The 87-year-old Koch participated in a preview search conducted by Ancestry.com, which is making all three census records available online.

His said his father came from Europe, alone at age 16, eventually raising a family in a Bronx apartment. For years, “I told people that we lived in abject poverty,” he said. A series of census records from the time would prove him wrong.

They showed that the Depression-era rent for the Koch’s five-room Bronx apartment was $75 a month, “and that was a lot of money at the time,” Koch said.

“All my life, I was telling people I was very poor, but I learned we did not live in abject poverty; I was born into a middle-class family,” he said.

The New York world of the 1940 census includes names that later became famous, including Katharine Hepburn, John D. Rockefeller Jr., J.D. Salinger, Jacqueline Bouvier Kennedy and Ella Fitzgerald.

The 1940 census by name index will be available for all states possibly as early as this fall.

While New York is the biggest state whose census records are already name-indexed, a number of smaller states also have been name-organized by Ancestry.com and two other companies, FamilySearch.org and MyHeritage.com.

New York state censuses for 1915 and 1925 are available online for the first time via a link that says “find family history for free” to anyone providing a New York ZIP code and email address.

The state censuses show “every New Yorker from the famous to the infamous to everybody in between,” said Kathleen Roe, director of archives and records management at the New York State Archives.

A perfect example of this melting pot is Babe Ruth, who at 17 appeared in the 1925 census as “George H. Ruth,” living by the Grand Concourse near Yankee Stadium, which would later be dubbed “The House That Ruth Built.” The Ruth family neighbor was Joseph Weinstock, an Austrian immigrant working in manufacturing and his Russian-born wife, the census shows.

“So here was the future American baseball hero living next door to an immigrant family making it in the United States,” Roe said. “What a great American story!
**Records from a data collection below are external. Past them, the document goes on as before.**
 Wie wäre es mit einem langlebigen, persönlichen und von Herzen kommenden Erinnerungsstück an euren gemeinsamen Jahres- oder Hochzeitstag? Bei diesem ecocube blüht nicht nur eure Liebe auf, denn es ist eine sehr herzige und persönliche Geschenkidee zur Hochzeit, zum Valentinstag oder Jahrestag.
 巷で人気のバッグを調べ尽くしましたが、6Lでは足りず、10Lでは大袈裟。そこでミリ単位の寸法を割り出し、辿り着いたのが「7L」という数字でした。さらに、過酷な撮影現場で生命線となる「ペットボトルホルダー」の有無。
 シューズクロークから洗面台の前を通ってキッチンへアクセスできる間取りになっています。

And that’s what you can find out walking through a neighborhood with census records.”

The censuses released this week offer “one of the greatest collections of historic voices you’ll ever find,” said Roe, adding that if read together, they trace whole families as they move around.
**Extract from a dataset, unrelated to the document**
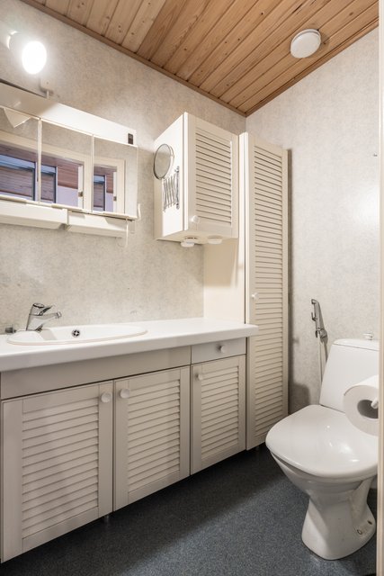 Tilava kylpyhuone, erillinen wc, sekä makuuhuone vaatehuoneella ovat myös tässä asunnossa. Huoneistoon kuuluu myös oma autotallipaikka, sekä varasto.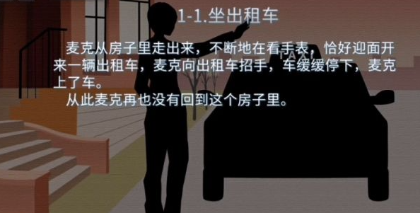 5、第一辑1.1坐出租车,麦克从房子里走出来,不断地在看手表,恰好迎面来一辆出租车,麦克向出租车招收,车缓缓停下来,麦克上了车,从此麦克从来没有回到这个房子里。

The census data also include such information as occupation, whether immigrants were naturalized citizens, and whether they owned or rented their homes _ in other words, sketches of communities, said David M. Kleiman, president of Heritage Muse Inc., a New York-based genealogy technology firm.

“What we’re all looking for is the story of the family _ what made my grandparents the way they were, which made my parents the way they were, which made me what I am,” he said.